- The problem -
Starting at the line that contains "Feuerwehr und DLRG" and stopping at the line that contains "Parental Superpowers allow", restate each line of the records below exactly. Omit the pictures.
Records provided Block Start
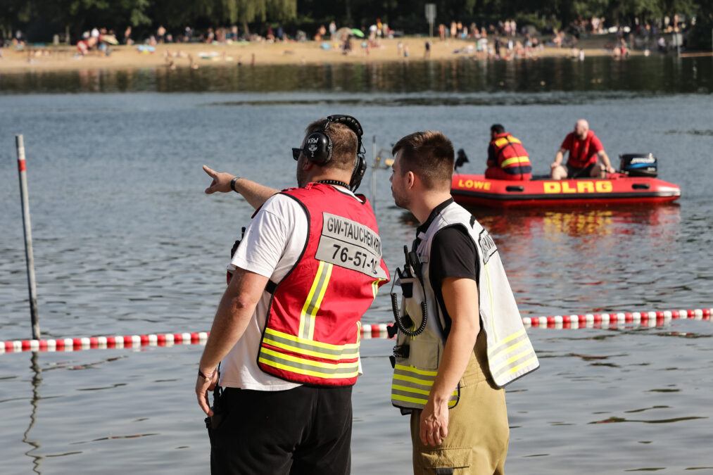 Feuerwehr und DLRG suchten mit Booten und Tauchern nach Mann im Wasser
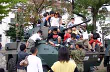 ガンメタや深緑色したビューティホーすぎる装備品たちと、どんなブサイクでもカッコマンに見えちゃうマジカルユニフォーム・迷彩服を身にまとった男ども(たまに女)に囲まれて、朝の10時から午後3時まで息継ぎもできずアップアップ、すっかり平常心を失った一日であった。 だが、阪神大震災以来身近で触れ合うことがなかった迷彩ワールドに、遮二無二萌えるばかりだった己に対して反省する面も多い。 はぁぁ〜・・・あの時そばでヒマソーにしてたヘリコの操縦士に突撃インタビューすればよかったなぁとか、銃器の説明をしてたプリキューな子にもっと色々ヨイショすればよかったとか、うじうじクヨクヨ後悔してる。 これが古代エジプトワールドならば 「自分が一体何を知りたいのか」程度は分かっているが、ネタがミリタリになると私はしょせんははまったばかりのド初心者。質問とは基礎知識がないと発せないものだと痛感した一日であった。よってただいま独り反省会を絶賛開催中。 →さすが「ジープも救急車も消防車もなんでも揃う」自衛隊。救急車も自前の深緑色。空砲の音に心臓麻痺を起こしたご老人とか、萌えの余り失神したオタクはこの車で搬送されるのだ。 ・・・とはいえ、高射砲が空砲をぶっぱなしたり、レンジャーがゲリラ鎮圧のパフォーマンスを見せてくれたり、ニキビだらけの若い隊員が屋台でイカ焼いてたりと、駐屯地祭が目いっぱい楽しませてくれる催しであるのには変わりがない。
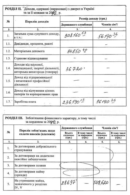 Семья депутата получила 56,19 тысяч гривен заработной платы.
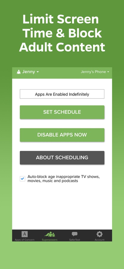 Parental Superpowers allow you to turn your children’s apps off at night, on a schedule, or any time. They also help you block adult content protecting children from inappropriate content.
Records provided Block End
Records provided Block Start
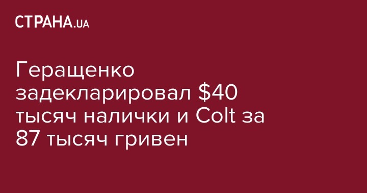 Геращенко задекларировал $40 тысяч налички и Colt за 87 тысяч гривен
Records provided Block End
Records provided Block Start
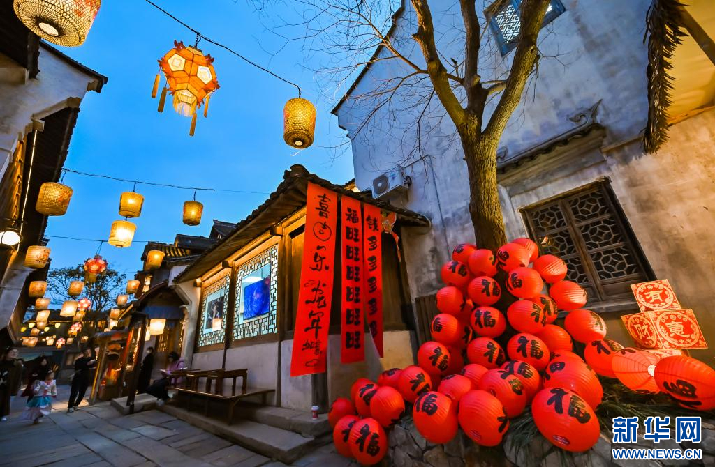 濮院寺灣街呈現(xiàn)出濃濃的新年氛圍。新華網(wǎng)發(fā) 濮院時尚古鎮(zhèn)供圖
Records provided Block End
- Problem solution -
 Feuerwehr und DLRG suchten mit Booten und Tauchern nach Mann im Wasser
 ガンメタや深緑色したビューティホーすぎる装備品たちと、どんなブサイクでもカッコマンに見えちゃうマジカルユニフォーム・迷彩服を身にまとった男ども(たまに女)に囲まれて、朝の10時から午後3時まで息継ぎもできずアップアップ、すっかり平常心を失った一日であった。 だが、阪神大震災以来身近で触れ合うことがなかった迷彩ワールドに、遮二無二萌えるばかりだった己に対して反省する面も多い。 はぁぁ〜・・・あの時そばでヒマソーにしてたヘリコの操縦士に突撃インタビューすればよかったなぁとか、銃器の説明をしてたプリキューな子にもっと色々ヨイショすればよかったとか、うじうじクヨクヨ後悔してる。 これが古代エジプトワールドならば 「自分が一体何を知りたいのか」程度は分かっているが、ネタがミリタリになると私はしょせんははまったばかりのド初心者。質問とは基礎知識がないと発せないものだと痛感した一日であった。よってただいま独り反省会を絶賛開催中。 →さすが「ジープも救急車も消防車もなんでも揃う」自衛隊。救急車も自前の深緑色。空砲の音に心臓麻痺を起こしたご老人とか、萌えの余り失神したオタクはこの車で搬送されるのだ。 ・・・とはいえ、高射砲が空砲をぶっぱなしたり、レンジャーがゲリラ鎮圧のパフォーマンスを見せてくれたり、ニキビだらけの若い隊員が屋台でイカ焼いてたりと、駐屯地祭が目いっぱい楽しませてくれる催しであるのには変わりがない。
 Семья депутата получила 56,19 тысяч гривен заработной платы.
 Parental Superpowers allow you to turn your children’s apps off at night, on a schedule, or any time. They also help you block adult content protecting children from inappropriate content.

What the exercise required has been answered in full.